Lots of games have done it, but the best recent example is Skyward Sword.. It would probably be one of the best video games of the last twelve months without the obviously tacked-on repetition, just doubling the length. It was a lovely game, but then you started re-visiting areas and bosses.. not just a few, either. After a while, it became apparent that there was no real clever twist coming, you more or less were doing the whole damn thing again. It would have been an amazing game at half the length, and half the price.. though that would obviously mortify Nintendo.
However, pretty sure you meant that games should offer more hours of entertainment value, and if so I am right there with you. It's ironic that Mr. Braben is partly responsible for Elite, one of the most legendarily engrossing long-term single player games ever, really. He's a fine speaker, and he made an amazing game once, but I think he's just plain wrong in this case.
- Anonymous Elite Fanboy
Games design has ground to a halt. all that happens is that the graphics are updated for the latest graphics card.
Single player games would still do well if someone could come up with a new Command and Conquer, Civ or Sim City rather than just making them prettier and over-complex.
So many fps games that are all the same - set piece battles, wonder around for a bit, then another set piece - think about the puzzles that were around in the likes of Doom - you would play it multiple times just to try and get 100% on each level.
I wash out food jars and use them for storage, should Kilner be screaming at me?

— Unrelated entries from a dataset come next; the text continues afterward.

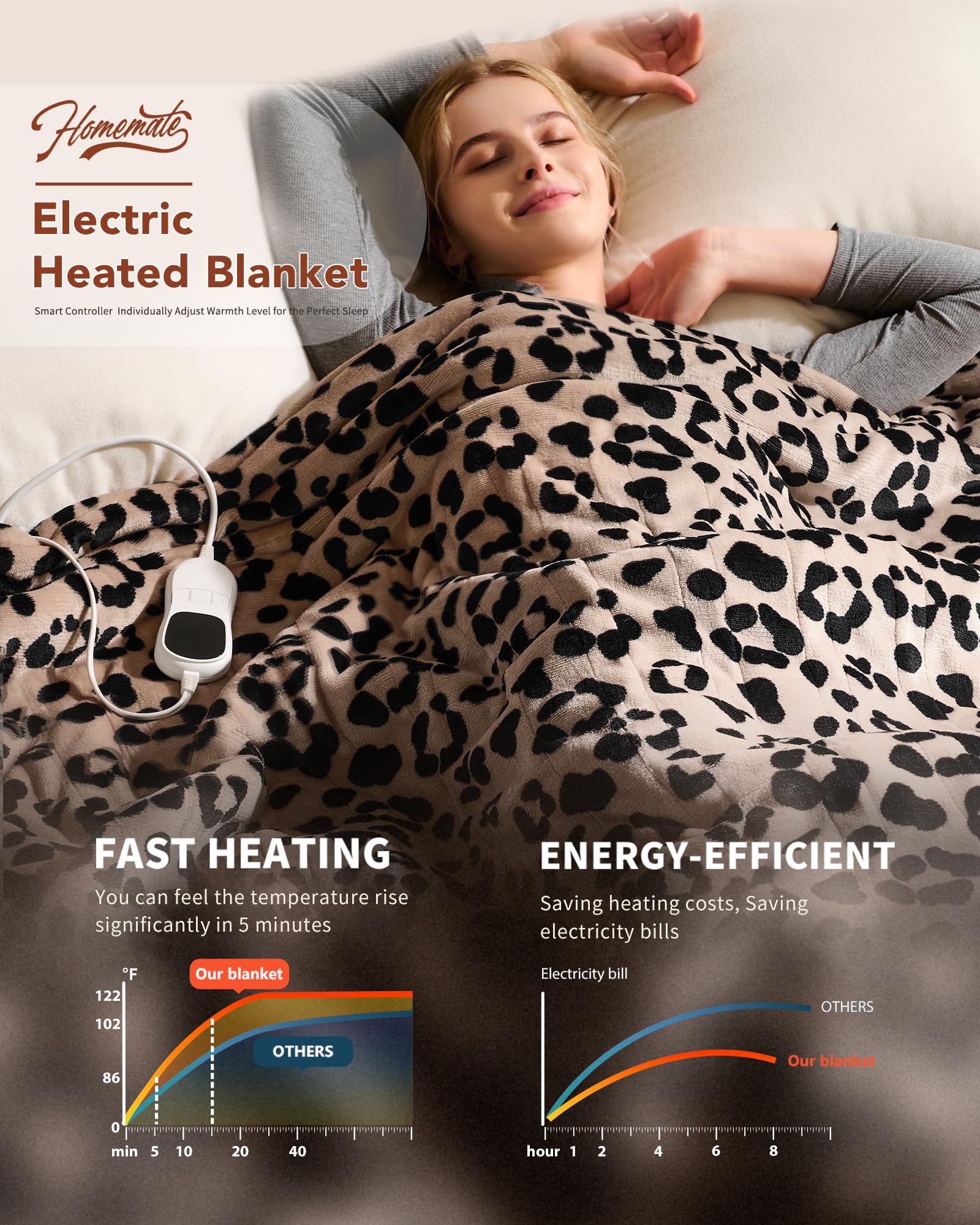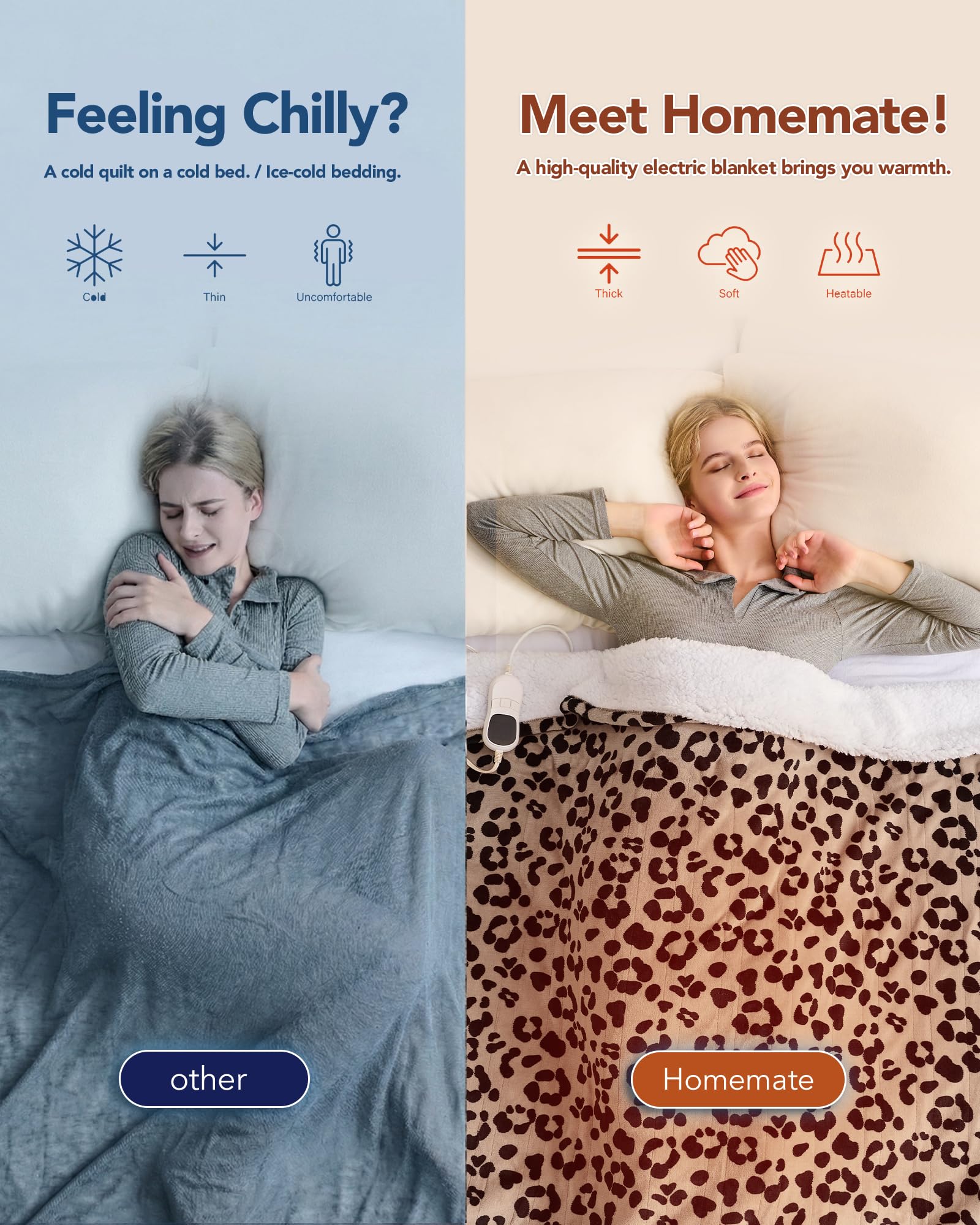 ENERGY SAVING: Homemate heated blanket use the intelligent temperature adjustment technology.When the temperature rises,the heated blanket will automatically adjust the temperature according to the surrounding environment,which can always provide users with a comfortable feeling and is conducive to energy saving.Compared with air conditioner,using Homemate heated blanket is more energy efficient,and you can save more heating costs in winter.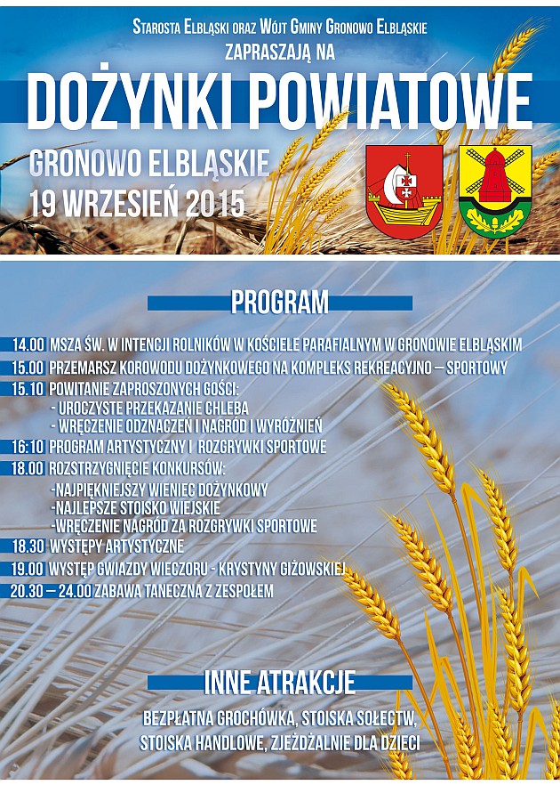 Starosta Elbląski i Wójt Gminy Gronowo Elbląskie zapraszają na Dożynki Powiatowe, które odbędą się w Gronowie Elbląskim w sobotę 19 września. Na uczestników czeka moc atrakcji w postaci konkursów artystycznych, zawodów sportowych, występów muzycznych i zabawy tanecznej.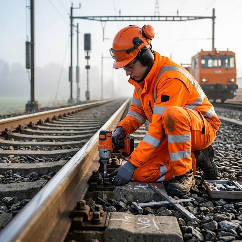 "description": "Du gehst die Strecke ab, prüfst Schienen und Befestigungen und ziehst lockere Schrauben mit dem Schlagschrauber nach.",

I use carrier bags from shops as bin bags, should Mr Wongs Happy Bin Bag Plant scream at me?
I ride a second hand motorcycle should suzuki refuse to sell me spares?
WTF is wrong with people when it comes to media (tapes,games,dvd's etc)
If the prices of new games weren't so extortionatly high the 2nd hand games market wouldn't be so strong.
If they want a cut of the 2nd hand market, they should run their own games stores.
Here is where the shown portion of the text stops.